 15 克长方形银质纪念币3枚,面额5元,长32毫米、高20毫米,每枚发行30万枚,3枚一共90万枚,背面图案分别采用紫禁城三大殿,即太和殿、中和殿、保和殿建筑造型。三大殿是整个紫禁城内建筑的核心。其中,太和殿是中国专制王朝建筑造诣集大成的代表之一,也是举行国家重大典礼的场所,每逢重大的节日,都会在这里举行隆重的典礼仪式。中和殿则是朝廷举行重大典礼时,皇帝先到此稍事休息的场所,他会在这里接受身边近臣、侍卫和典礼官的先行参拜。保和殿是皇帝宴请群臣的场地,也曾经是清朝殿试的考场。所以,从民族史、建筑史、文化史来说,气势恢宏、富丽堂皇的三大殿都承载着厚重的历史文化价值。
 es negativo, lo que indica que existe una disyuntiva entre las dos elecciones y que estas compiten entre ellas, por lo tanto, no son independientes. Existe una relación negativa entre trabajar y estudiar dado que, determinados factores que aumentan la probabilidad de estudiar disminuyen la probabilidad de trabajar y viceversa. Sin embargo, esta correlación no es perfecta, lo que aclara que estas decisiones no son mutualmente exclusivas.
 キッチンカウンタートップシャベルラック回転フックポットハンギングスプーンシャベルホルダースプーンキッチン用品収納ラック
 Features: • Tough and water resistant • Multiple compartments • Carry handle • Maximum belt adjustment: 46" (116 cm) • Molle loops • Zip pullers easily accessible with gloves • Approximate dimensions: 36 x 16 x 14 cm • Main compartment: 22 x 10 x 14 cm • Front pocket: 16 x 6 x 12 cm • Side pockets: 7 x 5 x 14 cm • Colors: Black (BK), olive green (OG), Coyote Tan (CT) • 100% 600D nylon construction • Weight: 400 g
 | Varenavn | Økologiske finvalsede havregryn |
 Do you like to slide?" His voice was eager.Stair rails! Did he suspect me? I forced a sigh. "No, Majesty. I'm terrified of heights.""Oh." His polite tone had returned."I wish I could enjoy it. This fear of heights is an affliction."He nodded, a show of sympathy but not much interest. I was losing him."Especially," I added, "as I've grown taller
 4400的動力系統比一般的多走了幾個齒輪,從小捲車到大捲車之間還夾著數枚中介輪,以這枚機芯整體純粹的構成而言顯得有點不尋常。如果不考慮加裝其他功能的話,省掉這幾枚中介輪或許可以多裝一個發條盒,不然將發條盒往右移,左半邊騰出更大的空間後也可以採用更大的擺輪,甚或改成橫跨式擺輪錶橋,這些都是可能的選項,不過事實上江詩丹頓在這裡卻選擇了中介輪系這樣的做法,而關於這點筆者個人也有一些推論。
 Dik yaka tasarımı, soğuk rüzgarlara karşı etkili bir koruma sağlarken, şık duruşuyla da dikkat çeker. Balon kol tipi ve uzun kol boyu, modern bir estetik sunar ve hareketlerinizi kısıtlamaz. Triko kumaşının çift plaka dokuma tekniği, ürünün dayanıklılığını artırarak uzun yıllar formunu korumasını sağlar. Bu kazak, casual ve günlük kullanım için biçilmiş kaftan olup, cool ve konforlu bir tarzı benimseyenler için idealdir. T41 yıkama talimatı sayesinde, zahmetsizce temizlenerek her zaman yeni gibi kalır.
· · ·
- [Activity] Return the lines exactly as they stand, please. Start at the top of the material and finish with the line where "es negativo, lo" appears.

- [Problem solution]
 15 克长方形银质纪念币3枚,面额5元,长32毫米、高20毫米,每枚发行30万枚,3枚一共90万枚,背面图案分别采用紫禁城三大殿,即太和殿、中和殿、保和殿建筑造型。三大殿是整个紫禁城内建筑的核心。其中,太和殿是中国专制王朝建筑造诣集大成的代表之一,也是举行国家重大典礼的场所,每逢重大的节日,都会在这里举行隆重的典礼仪式。中和殿则是朝廷举行重大典礼时,皇帝先到此稍事休息的场所,他会在这里接受身边近臣、侍卫和典礼官的先行参拜。保和殿是皇帝宴请群臣的场地,也曾经是清朝殿试的考场。所以,从民族史、建筑史、文化史来说,气势恢宏、富丽堂皇的三大殿都承载着厚重的历史文化价值。
 es negativo, lo que indica que existe una disyuntiva entre las dos elecciones y que estas compiten entre ellas, por lo tanto, no son independientes. Existe una relación negativa entre trabajar y estudiar dado que, determinados factores que aumentan la probabilidad de estudiar disminuyen la probabilidad de trabajar y viceversa. Sin embargo, esta correlación no es perfecta, lo que aclara que estas decisiones no son mutualmente exclusivas.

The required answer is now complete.